Task to carry out | Directions for the data below: repeat exactly the lines from the one with "Geometric Zircon Rhinestone" through the one with "Aan de overzijde", both included, and omit all pictures.
+++ Task inputs +++
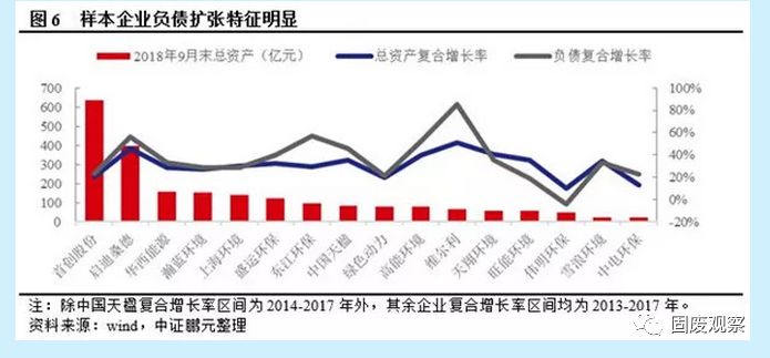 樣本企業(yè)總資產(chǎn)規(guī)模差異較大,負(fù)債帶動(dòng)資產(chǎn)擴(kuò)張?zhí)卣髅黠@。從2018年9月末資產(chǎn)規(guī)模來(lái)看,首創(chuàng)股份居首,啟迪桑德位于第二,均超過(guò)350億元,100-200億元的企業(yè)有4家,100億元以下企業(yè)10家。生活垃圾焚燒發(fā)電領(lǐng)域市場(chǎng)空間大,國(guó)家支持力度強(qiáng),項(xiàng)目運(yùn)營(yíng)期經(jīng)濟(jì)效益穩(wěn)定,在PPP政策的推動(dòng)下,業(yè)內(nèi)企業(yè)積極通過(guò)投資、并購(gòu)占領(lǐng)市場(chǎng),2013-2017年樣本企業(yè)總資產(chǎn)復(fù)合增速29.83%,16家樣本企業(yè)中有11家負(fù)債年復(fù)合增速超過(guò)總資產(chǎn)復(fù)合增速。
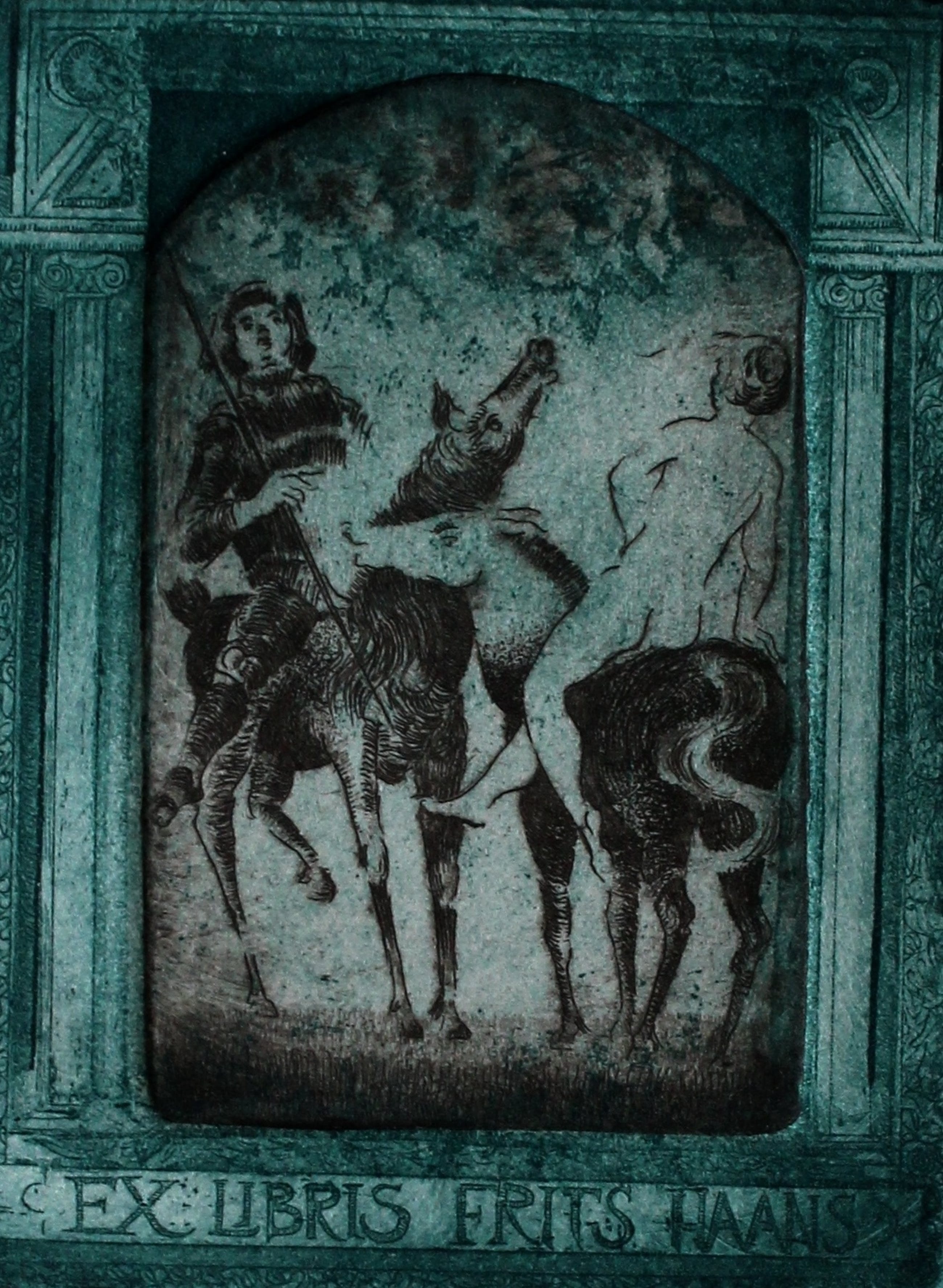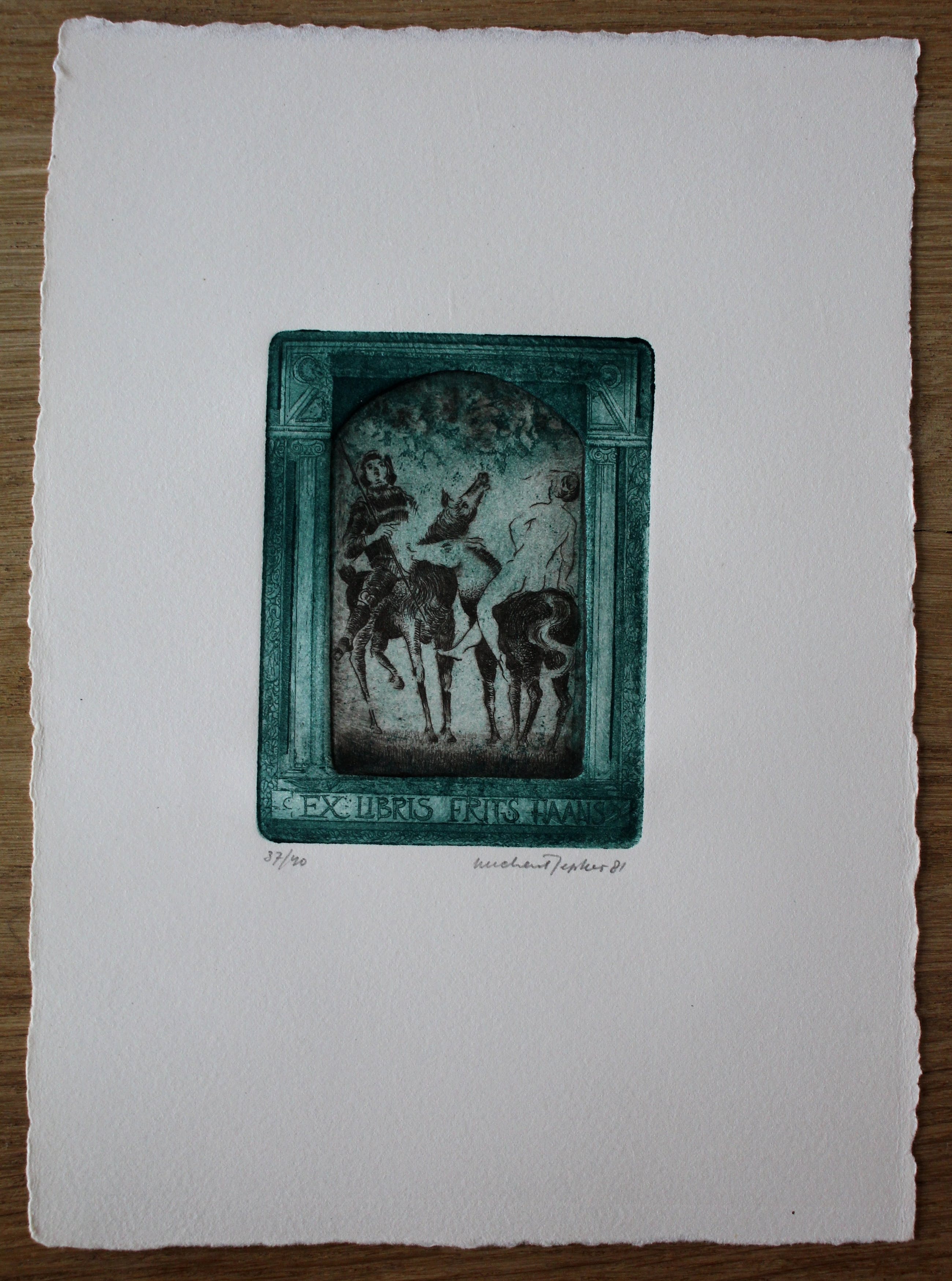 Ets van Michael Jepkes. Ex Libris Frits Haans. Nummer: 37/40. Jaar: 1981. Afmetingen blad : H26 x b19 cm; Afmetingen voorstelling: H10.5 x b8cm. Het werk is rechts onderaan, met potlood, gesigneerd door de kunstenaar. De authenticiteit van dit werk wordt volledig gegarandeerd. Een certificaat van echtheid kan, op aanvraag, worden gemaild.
+++
+++ Task inputs +++
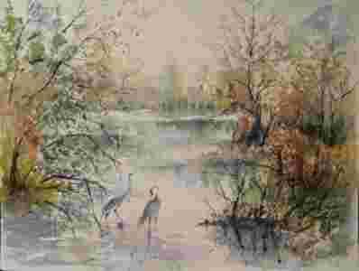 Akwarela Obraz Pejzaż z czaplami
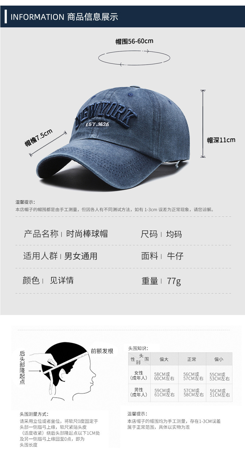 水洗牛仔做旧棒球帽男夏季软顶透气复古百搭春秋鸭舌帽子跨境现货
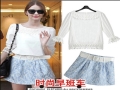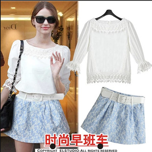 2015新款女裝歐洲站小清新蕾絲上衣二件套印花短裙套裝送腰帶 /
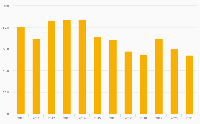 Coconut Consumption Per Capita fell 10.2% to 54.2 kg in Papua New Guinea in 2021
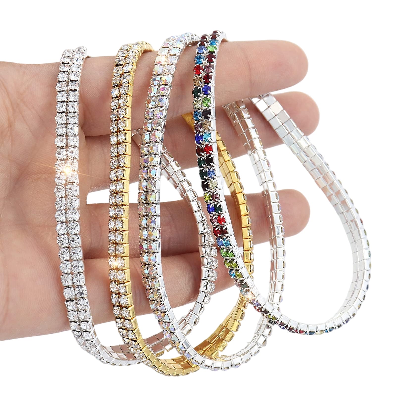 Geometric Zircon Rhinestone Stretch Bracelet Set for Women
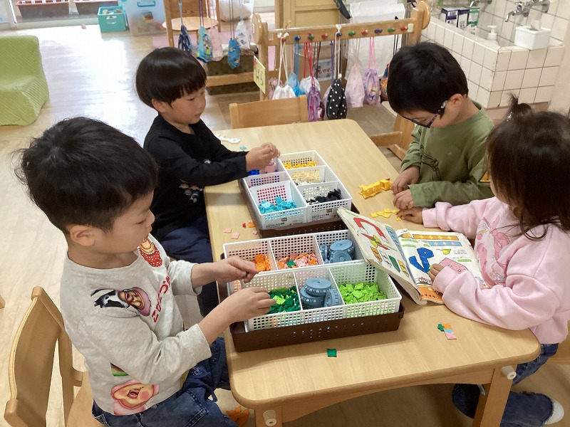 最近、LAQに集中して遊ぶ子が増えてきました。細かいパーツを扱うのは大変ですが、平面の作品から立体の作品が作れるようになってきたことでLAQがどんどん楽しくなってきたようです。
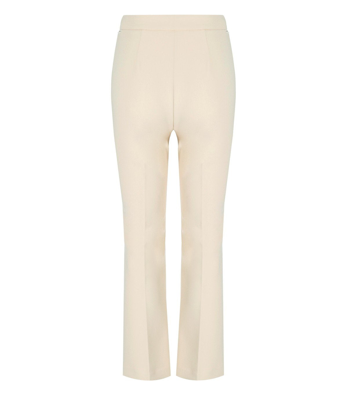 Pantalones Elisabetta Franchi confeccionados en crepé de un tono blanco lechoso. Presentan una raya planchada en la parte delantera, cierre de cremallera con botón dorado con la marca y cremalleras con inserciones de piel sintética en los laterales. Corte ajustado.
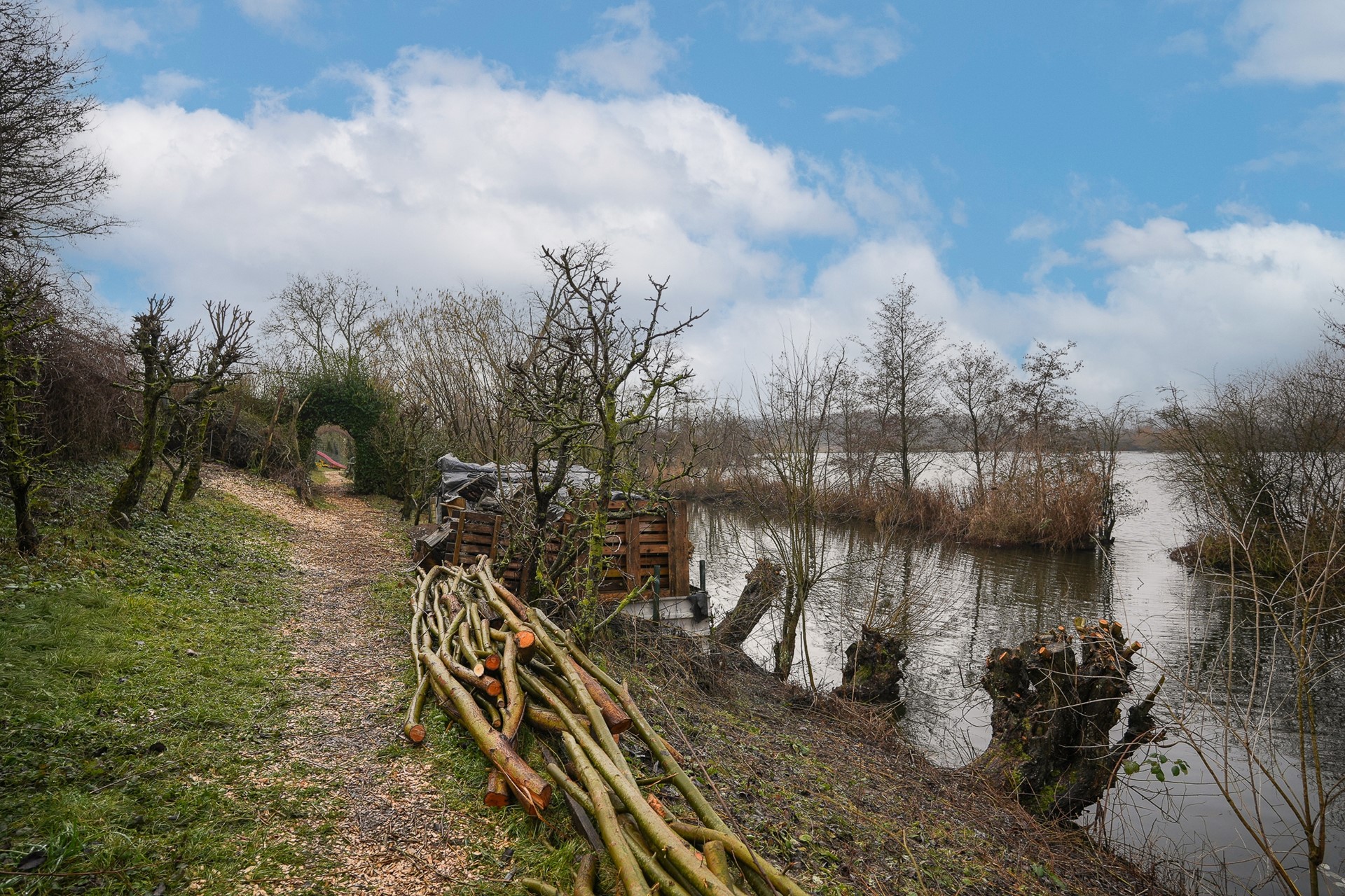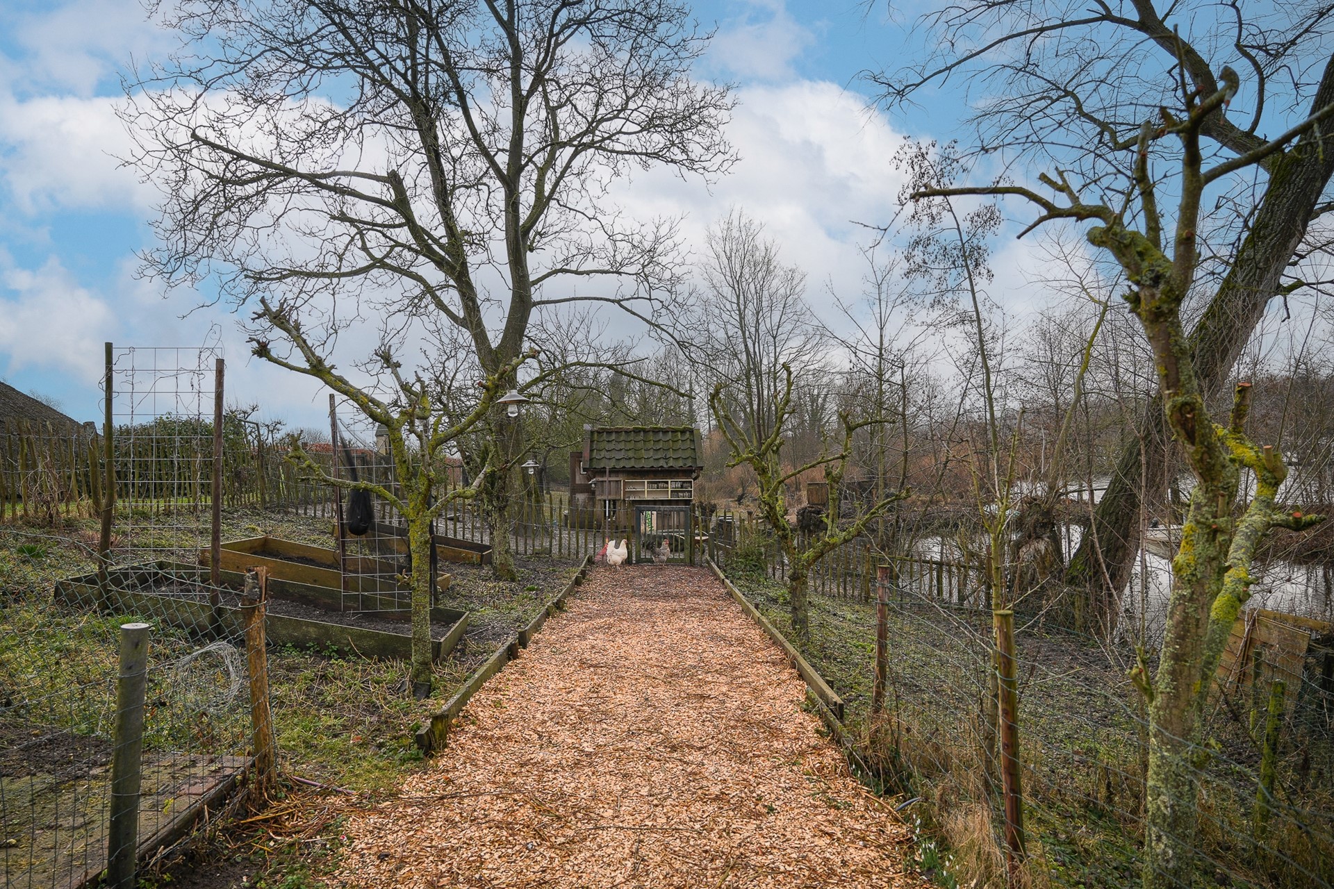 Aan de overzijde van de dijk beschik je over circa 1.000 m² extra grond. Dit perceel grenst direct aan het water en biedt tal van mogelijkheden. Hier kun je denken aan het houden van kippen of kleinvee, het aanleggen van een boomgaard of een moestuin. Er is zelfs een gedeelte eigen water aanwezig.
+++
+++ Task inputs +++
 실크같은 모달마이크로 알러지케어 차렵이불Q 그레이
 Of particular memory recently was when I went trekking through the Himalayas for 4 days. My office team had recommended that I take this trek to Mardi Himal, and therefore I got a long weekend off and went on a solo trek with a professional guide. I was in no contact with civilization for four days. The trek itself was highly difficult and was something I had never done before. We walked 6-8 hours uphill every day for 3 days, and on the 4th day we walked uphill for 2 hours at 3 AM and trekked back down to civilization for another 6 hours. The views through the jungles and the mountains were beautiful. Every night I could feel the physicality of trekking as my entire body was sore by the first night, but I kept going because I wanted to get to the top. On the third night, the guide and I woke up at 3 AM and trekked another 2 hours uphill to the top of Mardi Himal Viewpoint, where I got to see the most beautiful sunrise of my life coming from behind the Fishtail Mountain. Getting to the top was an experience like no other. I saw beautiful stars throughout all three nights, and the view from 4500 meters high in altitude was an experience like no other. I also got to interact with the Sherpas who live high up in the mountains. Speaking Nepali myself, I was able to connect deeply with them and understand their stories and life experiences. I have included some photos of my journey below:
+++
Your solution |
 Geometric Zircon Rhinestone Stretch Bracelet Set for Women
 最近、LAQに集中して遊ぶ子が増えてきました。細かいパーツを扱うのは大変ですが、平面の作品から立体の作品が作れるようになってきたことでLAQがどんどん楽しくなってきたようです。
 Pantalones Elisabetta Franchi confeccionados en crepé de un tono blanco lechoso. Presentan una raya planchada en la parte delantera, cierre de cremallera con botón dorado con la marca y cremalleras con inserciones de piel sintética en los laterales. Corte ajustado.
 Aan de overzijde van de dijk beschik je over circa 1.000 m² extra grond. Dit perceel grenst direct aan het water en biedt tal van mogelijkheden. Hier kun je denken aan het houden van kippen of kleinvee, het aanleggen van een boomgaard of een moestuin. Er is zelfs een gedeelte eigen water aanwezig.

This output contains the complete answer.